* [WHAT THE EXERCISE ASKS]: Using the data below, print exactly the line with "พอลงรูปเสร็จ กระแตก็เขียนต่ออีกว่ามีหลายๆ คนที่หุ่นดีกว่าเธอ", the line with "Baggallini Women’s Central", and every line between them, but none of the pictures.

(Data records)

----

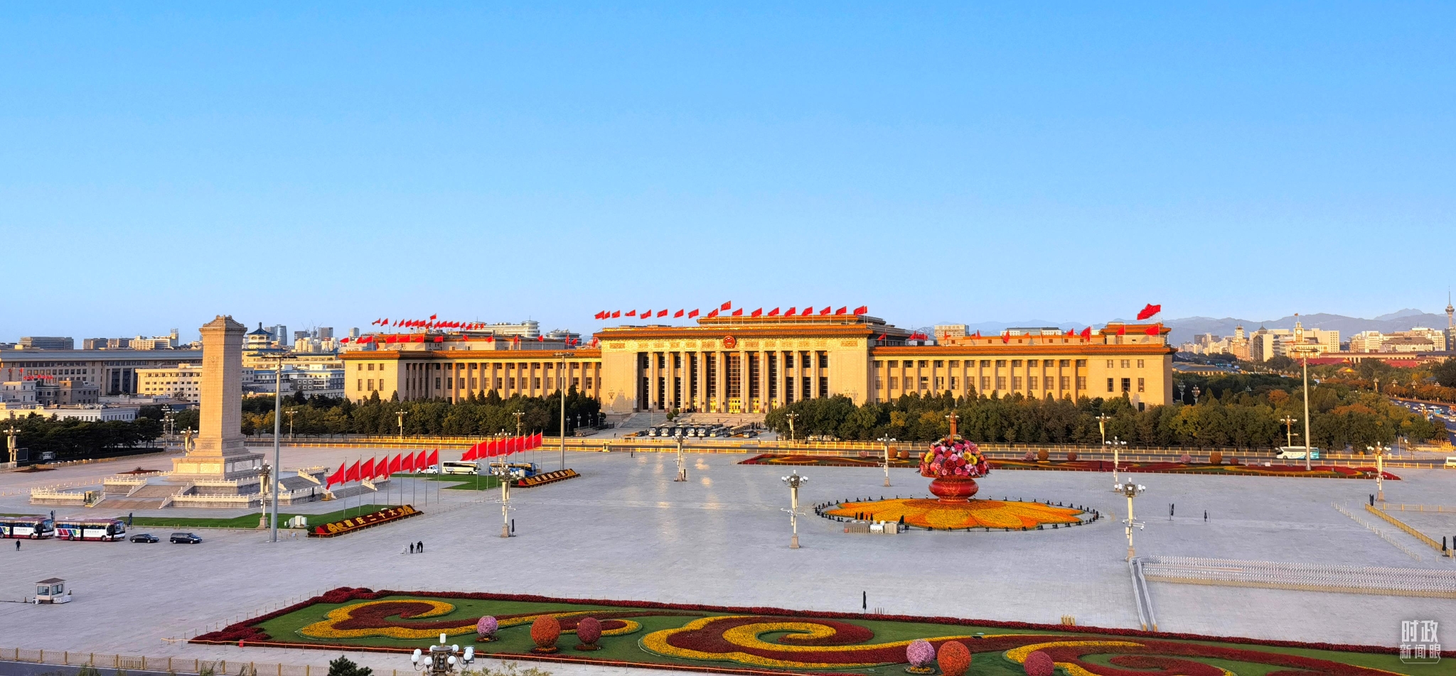 △16日清晨的天安門(mén)廣場(chǎng)。(總臺(tái)央視記者范學(xué)禹拍攝)
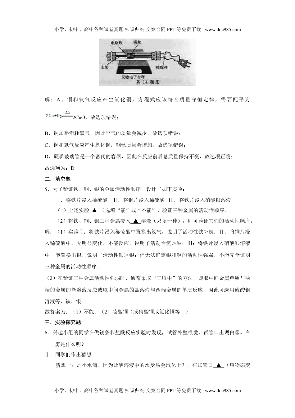 小学、初中、高中各种试卷真题知识归纳文案合同PPT等免费下载www.doc985.com浙江省衢州市2015年中考化学试卷本卷可能用到的相对原子质量:H-1C-12O-16Na-23Cl-35.5Ca-40Cu-64Ba-1371.科学家发现一种新元素。该元素原子核外电子数为117,中子数为174,相对原子质量为291,元素名称Ununseptium,符号Uus。请模仿甲,将该元素对应信息编写到图乙中相应位置,“①”处应填()A.291B.174C.117D.57解:科学家发现一种新元素,该元素原子核外电子数为117,根据原子序数=核电荷数=质子数=核外电子数,则其原子序数为117;根据元素周期表中的一格可知,“①”处表示的应为原子序数,则应填117.故选:C示意图。下列说法A.该反应属于分解反应B.甲烷是无机物C.甲烷中碳、氢元素质量比为1:4D.单中心铁催化剂改变了反应速度,反应后本身质量减少的化学方程为:小学、初中、高中各种试卷真题知识归纳文案合同PPT等免费下载www.doc985.com小学、初中、高中各种试卷真题知识归纳文案合同PPT等免费下载www.doc985.com操作与目的分选项操作目的A用剩的食盐放回原试剂瓶避免浪费B天平调平后在左、右托盘中各垫一张相同的纸保证称取的食盐质量更准确C用50ml量筒替代天平量取所需的水更加简便D溶解时用玻璃棒搅拌增加食盐的溶解能力解:A、对化学实验中的剩余药品,不能放回原瓶,以免污染试剂,故选项说法错误.B、天平调平后在左、右托盘中各垫一张相同的纸,并不是为了保证称取的食盐质量更准确,而是因为防止避免污染天平,故选项说法错误.C、用50mL量筒替代天平量取所需的水,更加简便,故选项说法正确.D、溶解时用玻璃棒搅拌,是为了加速食盐的溶解速率,而不是食盐的溶解能力,故选项说法错误.故选:C4.如图为小柯做的创新实验:将铜丝绕在电烙铁上,电烙铁用支架固定在密闭的硬质玻璃管中,玻璃管置于灵敏电子台秤上。接通电路,电烙铁开始工作,可以观察到铜丝表面逐渐变黒,电子台秤读数保持不变。下列说法正确的是()A.该反应的化学方程式为Cu+O2=2CuOB.加热过程中,玻璃管内空气的质量保持不变C.加热过程中,铜丝的质量保持不变D.硬质玻璃管内物质在反应前后总质量保持不变小学、初中、高中各种试卷真题知识归纳文案合同PPT等免费下载www.doc985.com小学、初中、高中各种试卷真题知识归纳文案合同PPT等免费下载www.doc985.com解:A、铜和氧气反应产生氧化铜,方程式应该符合质量守恒定律,需要配平为2CuO,故选项错误;B、铜加热消耗氧气,因此空气的质量会减少,故选项错误;C、铜和氧气反应产生氧化铜,铜丝质量会增加,故选项错误;D、硬质玻璃管是一个密闭的容器,因此在反应前后总质量保持不变,故选项正确;故选项为:D二.填空题5.为了验证铁、铜、银的金属活动性顺序,设计了如下实验:Ⅰ.将铁片浸入稀硫酸Ⅱ.将铜片浸入稀硫酸Ⅲ.将铁片浸入硝酸银溶液(1)上述实验▲(选填“能”或“不能”)验证三种金属的活动性顺序。(2)将铁、铜、银三种金属浸入▲溶液(只填一种),即可验证它们的活动性顺序。解:(1)实验Ⅰ:将铁片浸入稀硫酸中置换出氢气,说明了活动性铁>氢;Ⅱ:将铜片浸入稀硫酸中,无明显变化,不能反应,说明了活动性氢>铜;Ⅲ:将铁片浸入硝酸银溶液中,能置换出银,说明了活动性铁>银;但无法确定银和铜的活动性强弱,不能完全证明三种金属的活动性顺序.(2)在验证三种金属活动性强弱时,通常采取“三取中”的方法,即取中间金属单质与两端的金属的盐溶液反应或取中间金属的盐溶液与两端金属的单质反应,因此可选用硫酸铜溶液等、铁、银.故答案为:(1)不能;(2)硫酸铜(或硝酸铜或氯化铜等;)三.实验探究题6.兴趣小组的同学在做镁条和盐酸反应实验时发现,试管外壁很烫,试管口出现白雾。白雾是什么呢?Ⅰ.同学们作出猜想猜想一:是小水滴。因为盐酸溶液中的水受热会汽化上升,在试管口▲(填物态变小学、初中、高中各种试卷真题知识归纳文案合同PPT等免费下载www.doc985.com小学、初中、高中各种试卷真题知识归纳文案合同PPT等免费下载www.doc985.com化名称)成小水滴。猜想二:是盐酸小液滴。因为浓盐酸具有▲...
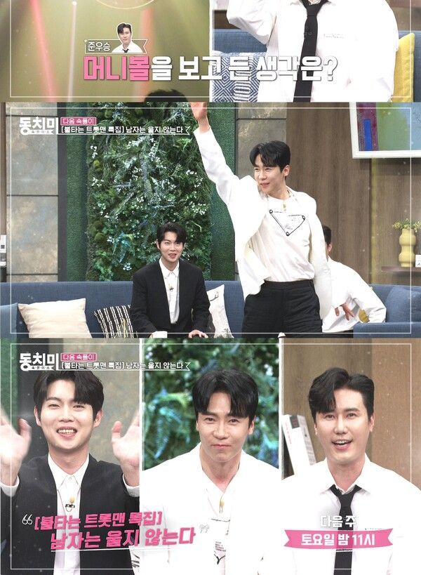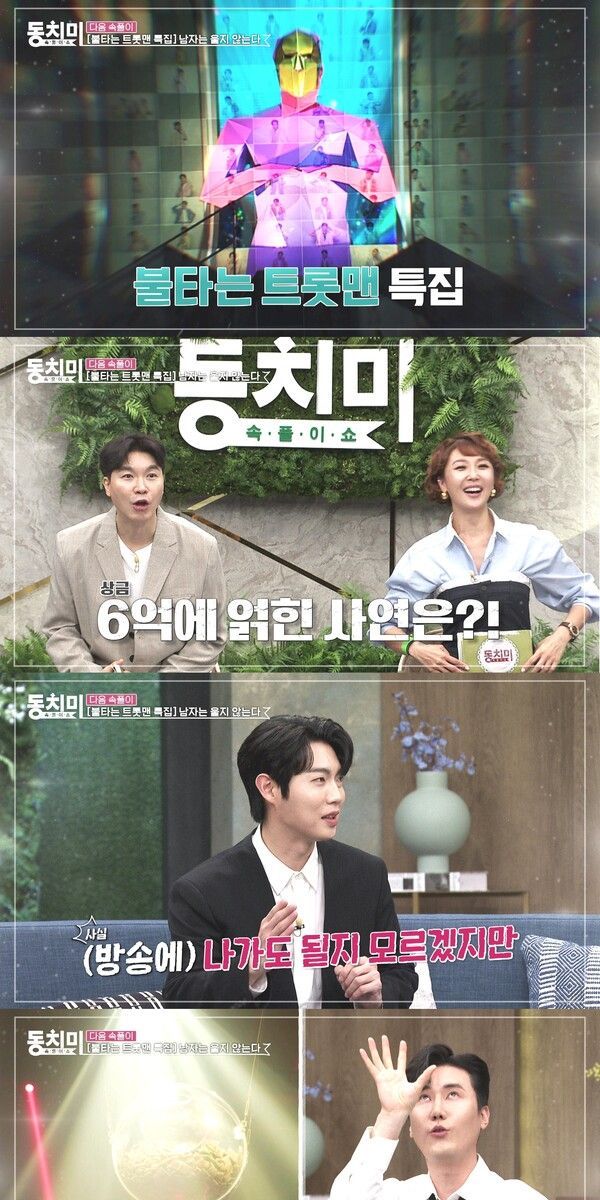 지난 8일 방송된 MBN ‘속 시원한 속풀이 힐링 토크쇼, 동치미’에서 방송 말미 이들 세 사람의 출연을 알리는 ‘불타는 트롯맨 특집’ 예고편 영상을 공개했다. 영상에서 트롯맨들은 ‘남자는 울지 않는다’를 주제로, ‘불타는 트롯맨’ 비하인드 스토리와 함께 너나 할 것 없이 트롯맨들의 숨겨왔던 흥과 끼를 마음껏 발산시키며 기대감을 증폭시킨다.
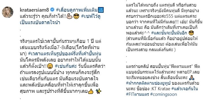 พอลงรูปเสร็จ กระแตก็เขียนต่ออีกว่ามีหลายๆ คนที่หุ่นดีกว่าเธอ แต่เธอก็อยากบอกทุกคนว่าการปั้นบั้นท้ายไม่ใช่เรื่องที่เป็นไปไม่ได้ เพราะเธอเองก็ได้พิสูจน์แล้วว่าตัวเองก็สามารถทำได้ โดยโพสต์ดังกล่าวมีแฟนๆ เข้าไปกดถูกใจและคอมเมนต์จำนวนมาก
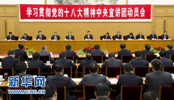 11月22日,學(xué)習(xí)貫徹黨的十八大精神中央宣講團(tuán)動(dòng)員會(huì)在北京召開(kāi),中共中央總書(shū)記習(xí)近平作出重要批示。中共中央政治局常委、中央書(shū)記處書(shū)記劉云山出席會(huì)議并講話。新華社記者 黃敬文 攝
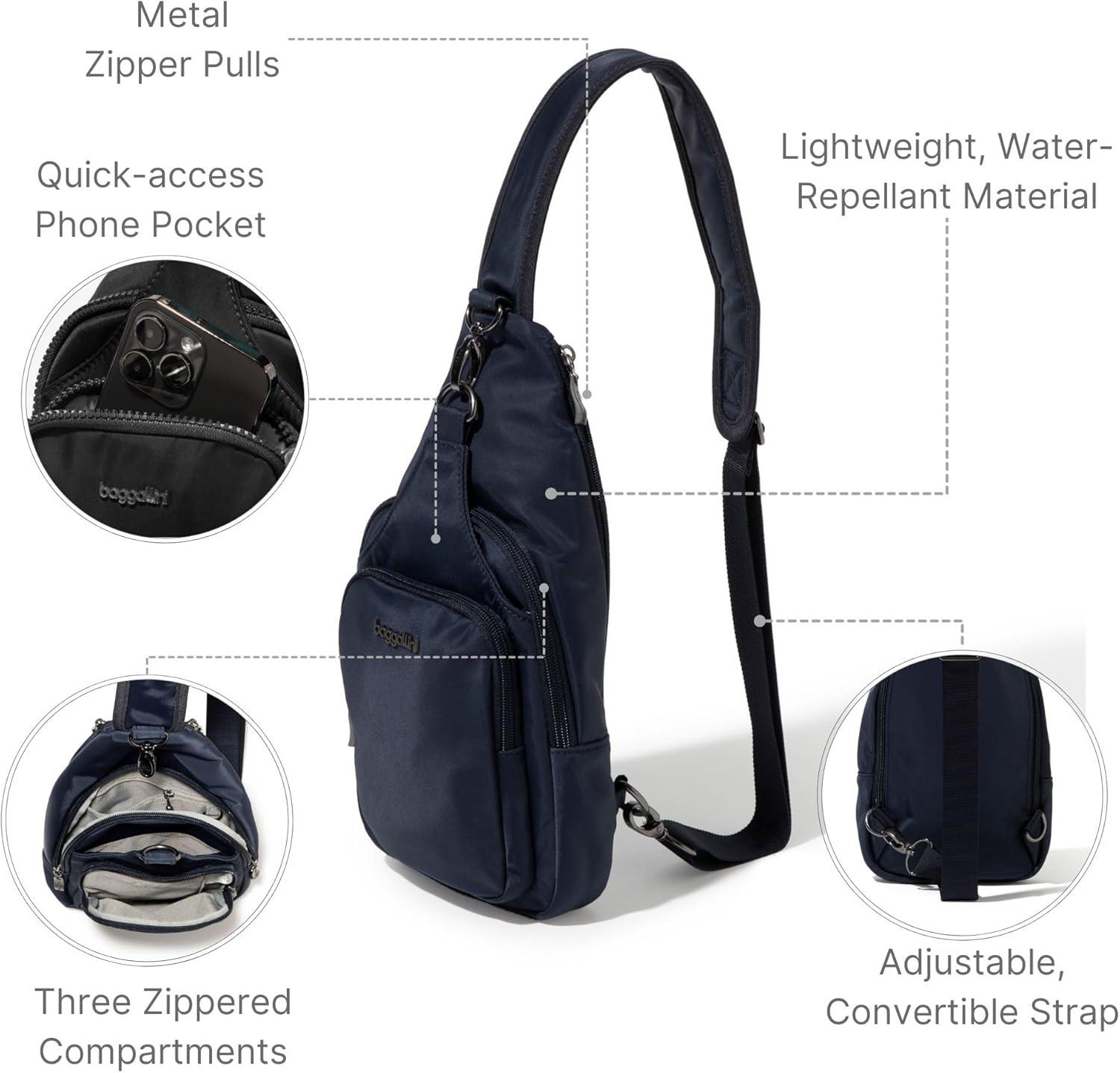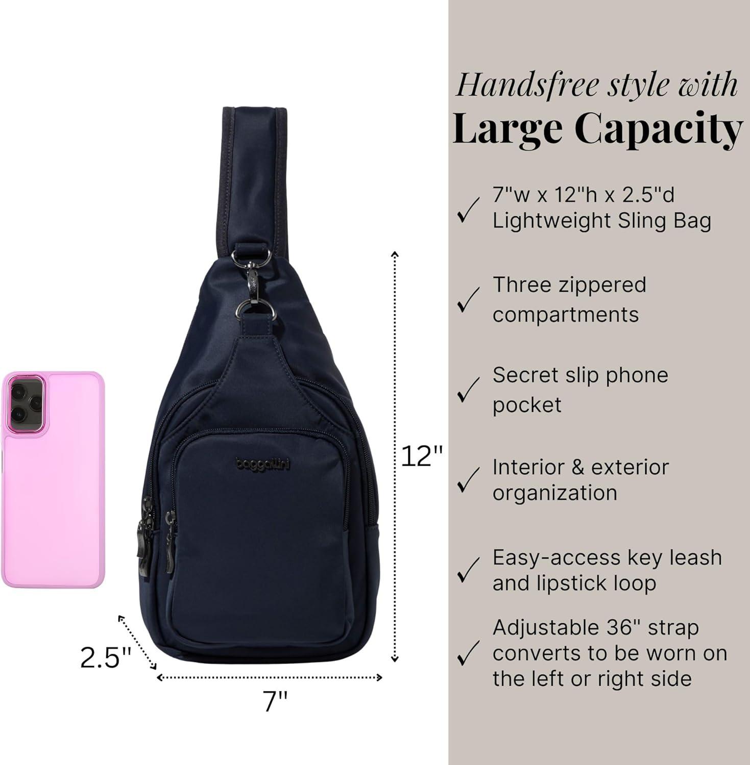 Baggallini Women’s Central Park Sling 12″x7″ Crossbody Bag W/Convertible Adjustable Shoulder Strap(French Navy)
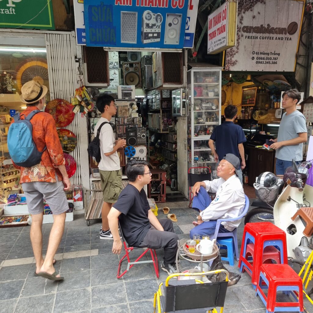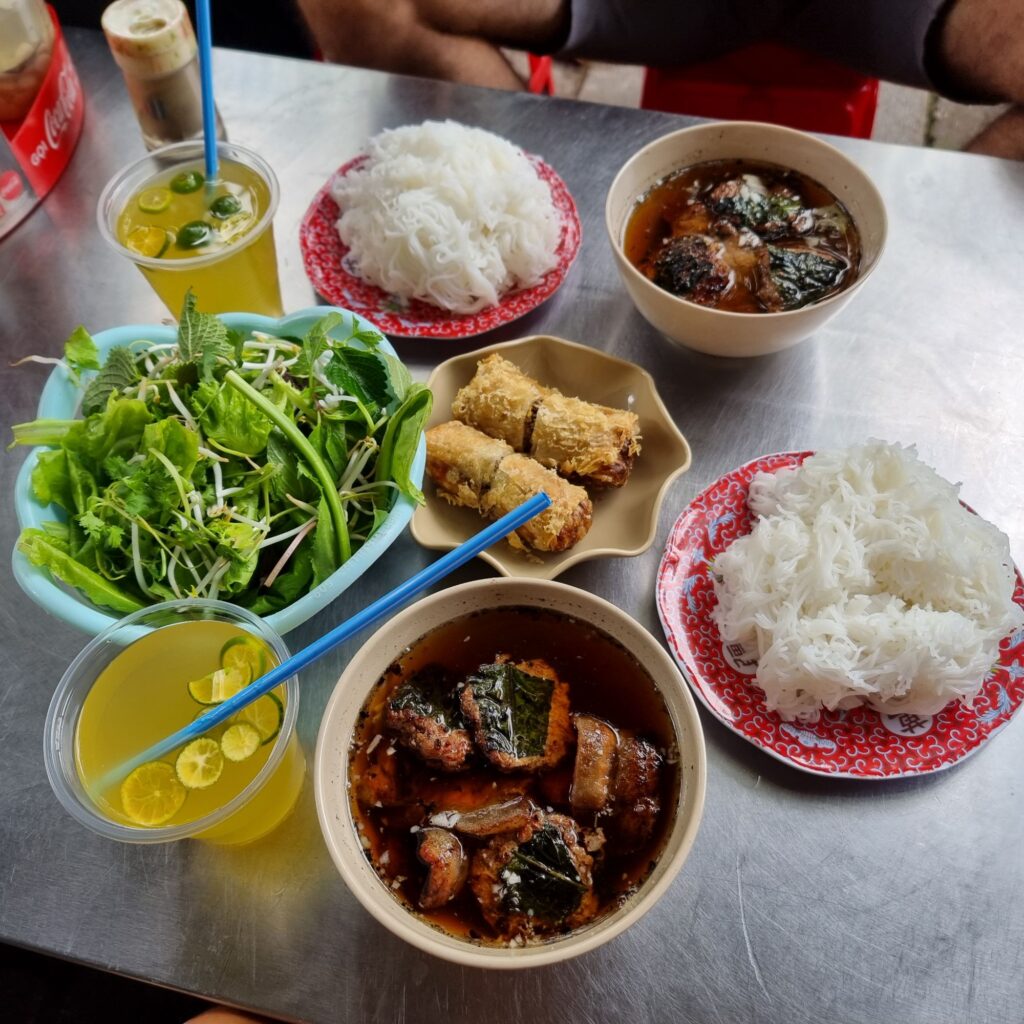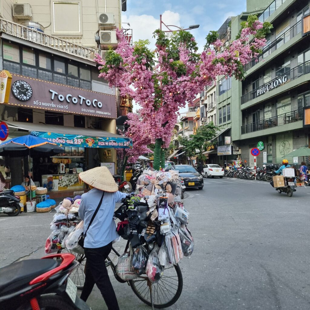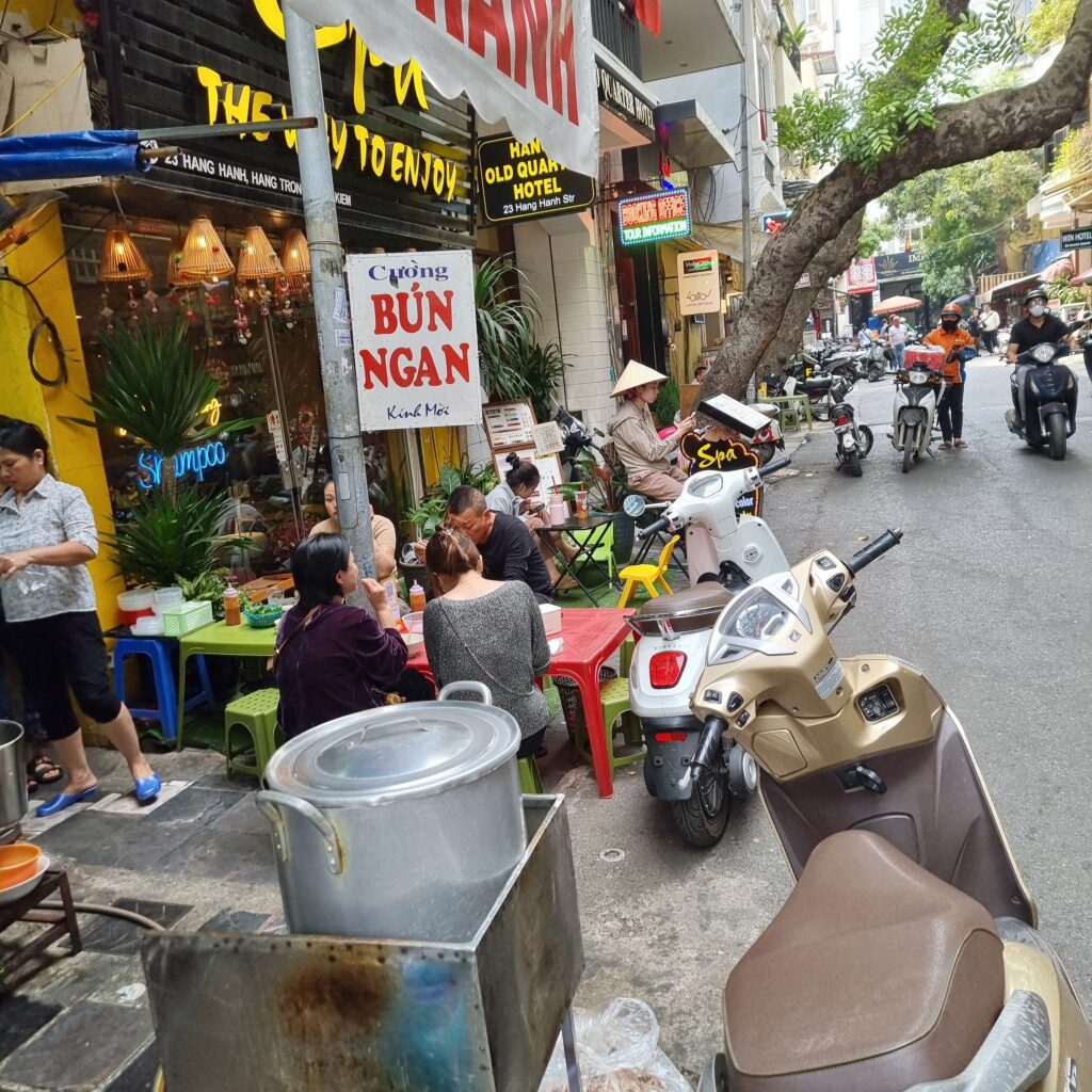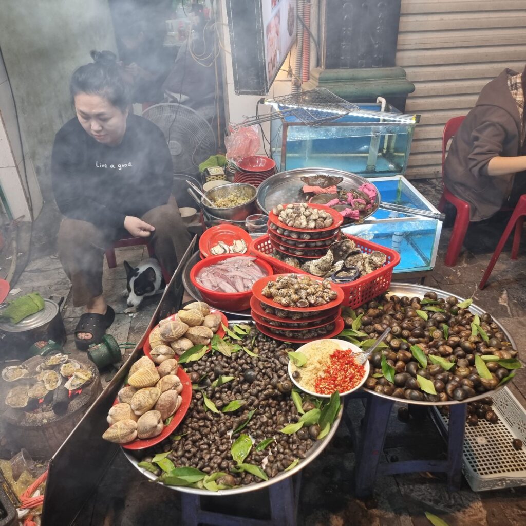 Gefühlt jeder 2. Laden bietet was zu Essen an und das wird von den Leuten genutzt! Alles findet auf der Strasse statt, bis zum Abwasch, man sitzt auf winzigen Plastehockern und schlürft z.B. eine leckere Pho, die aus Hanoi kommt
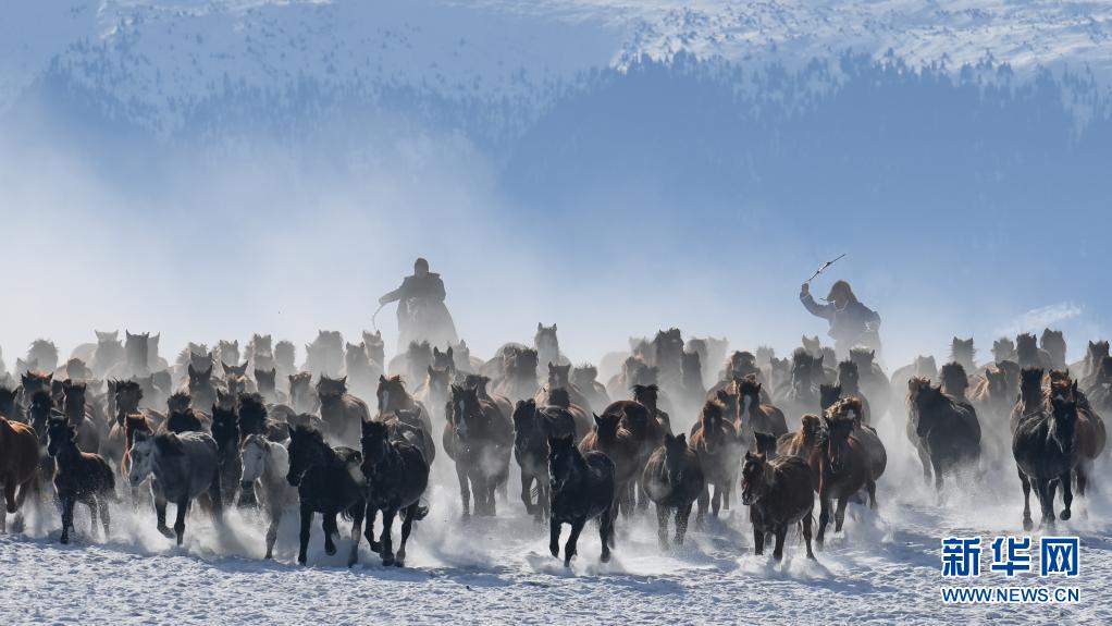 新疆昭苏县天马旅游文化园驰骋的骏马(2020年12月20日摄)。新华社记者 白志强 摄

----

* [OUTPUT FOR THIS TASK]:
 พอลงรูปเสร็จ กระแตก็เขียนต่ออีกว่ามีหลายๆ คนที่หุ่นดีกว่าเธอ แต่เธอก็อยากบอกทุกคนว่าการปั้นบั้นท้ายไม่ใช่เรื่องที่เป็นไปไม่ได้ เพราะเธอเองก็ได้พิสูจน์แล้วว่าตัวเองก็สามารถทำได้ โดยโพสต์ดังกล่าวมีแฟนๆ เข้าไปกดถูกใจและคอมเมนต์จำนวนมาก
 11月22日,學(xué)習(xí)貫徹黨的十八大精神中央宣講團(tuán)動(dòng)員會(huì)在北京召開(kāi),中共中央總書(shū)記習(xí)近平作出重要批示。中共中央政治局常委、中央書(shū)記處書(shū)記劉云山出席會(huì)議并講話。新華社記者 黃敬文 攝
 Baggallini Women’s Central Park Sling 12″x7″ Crossbody Bag W/Convertible Adjustable Shoulder Strap(French Navy)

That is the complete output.